Use Tableau to Connect to DuckDB

Brock Tibert
4 min readSep 24, 2022

I recently came across a situation where DuckDB fit the need on a recent project. The ask was to demonstrate the construction of a data pipeline and highlight the analytical possibilities of a spatial tracking dataset. DuckDB is an impressive in-process single-file database that proved to be blazingly fast, but also an absolute delight to code against.

To expand upon my use case, I needed to prototype an ETL pipeline that would be scaled out to process about 10GB of data each day. This is a drop in the bucket for FAANG-like orgs, but for most SMBs, this can be a daunting task, especially for small analytics teams that tend to work with shared data on a network and run their analyses locally.

DuckDB has a great API, and using the python client library was a snap. Moreover, the performance is amazing; SELECT * from table on tables with 1.5M rows and 50+ columns results in full dataframes in only a few seconds. DuckDB is a great way to introduce performance for those who need to consider local options before expanding/scaling to the cloud.

To demonstrate the analytical possibilities for the client, I wanted to build a dashboard in Tableau but found the resources on connecting to DuckDB quite limited.

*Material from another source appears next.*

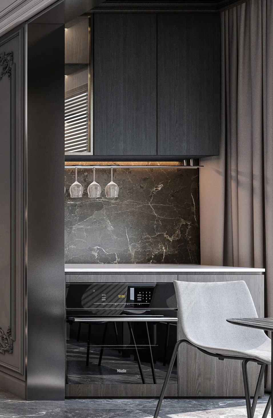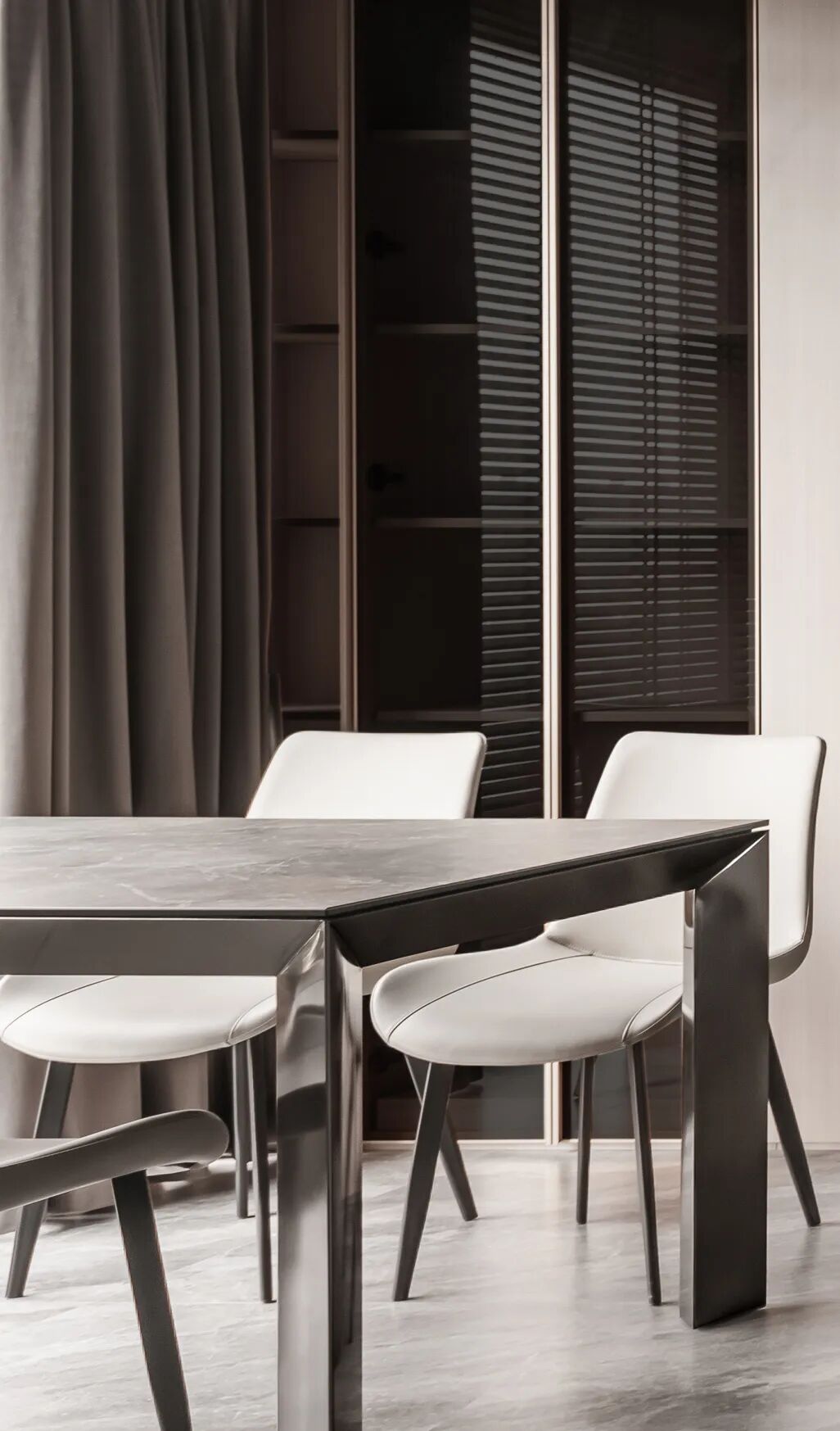 空间结构上通过镜子的破口运用,使侧边的空间瞬间灵魂有趣起来,视觉空间显得通透灵动。黑色大理石茶几,沉稳低调,给空间增添了一份沉静感。

Below is aimed to be a quick start guide for those who may want to follow a similar analytical path.

Setup

While DuckDB provides a number of Client APIs, this guide will focus on development in python.

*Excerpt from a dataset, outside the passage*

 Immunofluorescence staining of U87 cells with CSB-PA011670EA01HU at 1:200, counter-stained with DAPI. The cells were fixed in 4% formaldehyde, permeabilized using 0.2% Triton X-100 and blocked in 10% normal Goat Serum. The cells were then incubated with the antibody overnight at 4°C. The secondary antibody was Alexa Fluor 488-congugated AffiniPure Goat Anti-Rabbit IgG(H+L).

  1. Install the DuckDB library into your python environment via pip install duckdb
  2. You will need to download the JDBC driver for use in Tableau. You can download the JDBC jar file here.
  3. Tableau provides instructions on where to place the downloaded jar file here. In my case, because I am on a Mac, I placed the jar file in ~/Library/Tableau/Drivers.

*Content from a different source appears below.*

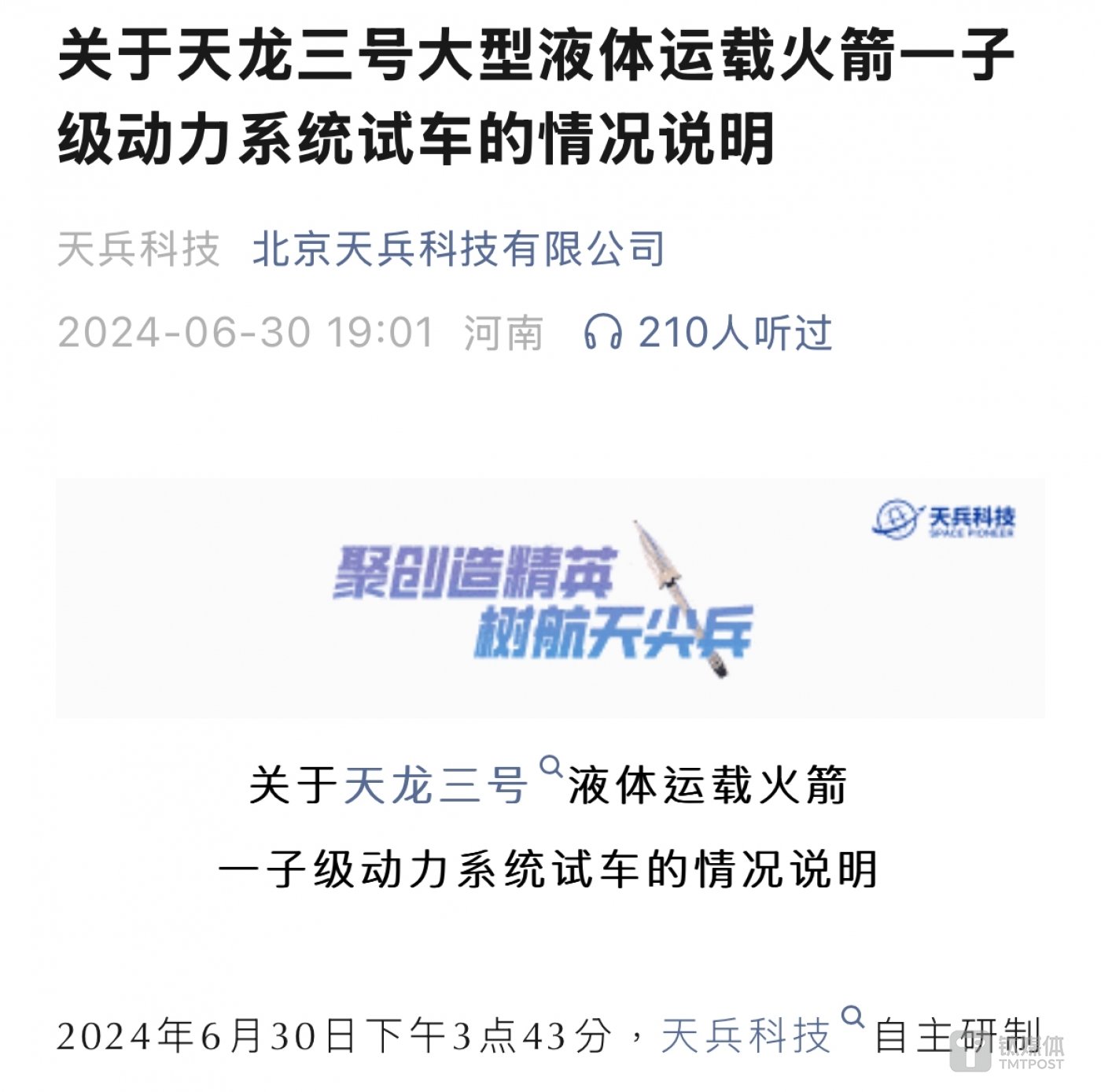 天兵科技于今晚 19 点左右发布 《关于天龙三号大型液体运载火箭一子级动力系统试车的情况说明》(下称 《说明》) 表示,试车过程中,一子级火箭正常点火,发动机推力达到 820 吨,因箭体与试验台连接处结构失效,一子级火箭脱离发射台,在升空后,箭上计算机主动关机,火箭跌落在距离试车台西南 1.5 公里的深山中,箭体跌落山中后解体。

With the necessary components in place, the simple script below will create a small DuckDB database with a single table in python.

import duckdb
import string
import random
import pandas as pd
# connect to DuckDB.
# This will create an instance if it doesn't already exist
con = duckdb.connect("data/example.db")# create the table in DuckDB
SQL = """
CREATE TABLE example(a INTEGER, b VARCHAR, c BOOLEAN, d REAL);
"""
con.execute(SQL)
# confirm the table exists
con.execute("PRAGMA show_tables;").fetch_df()

Note above, I am using .fetch_df() to return the results as a pandas Dataframe.

With the schema setup, we can insert data directly into DuckDB from pandas quite easily.

# create a simple dataset
data = {'a': list(range(3)),
'b': list(string.ascii_lowercase[:3]),
'c': [True, False, True],
'd': [random.random() for _ in range(3)]}
# make the dictionary a dataframe
df = pd.DataFrame(data)
# insert the dataframe into the table defined above
con.execute("INSERT INTO example SELECT * FROM df")

To confirm that the data exists:

# confirm the data exists in the table
con.execute("SELECT * from example").fetch_df()
a b c d
0 0 a True 0.529113
1 1 b False 0.780074
2 2 c True 0.004097

Connect Tableau to DuckDB

With the DuckDB jar downloaded and placed in the appropriate folder for Tableau, we can now setup a connection to our small DuckDB database.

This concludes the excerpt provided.